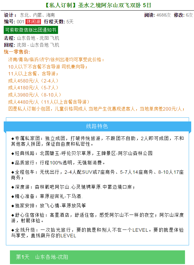 【私人訂制】圣水之境阿爾山雙飛雙臥 5日 2018-9-12 本文被閱讀 2090 次
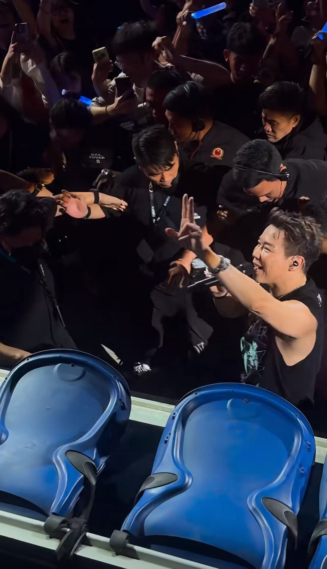 陶喆的保安快撑不住了吉隆坡演唱会上你跟歌迷的互动太疯狂啦,从台上跳下来就冲进人
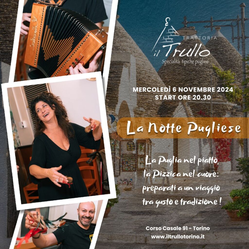 Mercoledì 6 Novembre 2024 – Pizzica salentina suonata e ballata dal vivo al Trullo
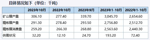 國際鎳業(yè)研究組織(INSG)公布的數(shù)據(jù)顯示,全球鎳市場10月份供應過剩32200噸,去年同期為過剩12100噸,9月為過剩24700噸。2023年1—10月,市場供應過剩193200噸,去年同期為過剩72400噸。

TASK BRIEF - An exact copy is needed of the lines running from the one with "Mercoledì 6 Novembre" through the end of the data above, and of those lines only, without pictures.

OUTPUT OF THE EXERCISE -
 Mercoledì 6 Novembre 2024 – Pizzica salentina suonata e ballata dal vivo al Trullo
 國際鎳業(yè)研究組織(INSG)公布的數(shù)據(jù)顯示,全球鎳市場10月份供應過剩32200噸,去年同期為過剩12100噸,9月為過剩24700噸。2023年1—10月,市場供應過剩193200噸,去年同期為過剩72400噸。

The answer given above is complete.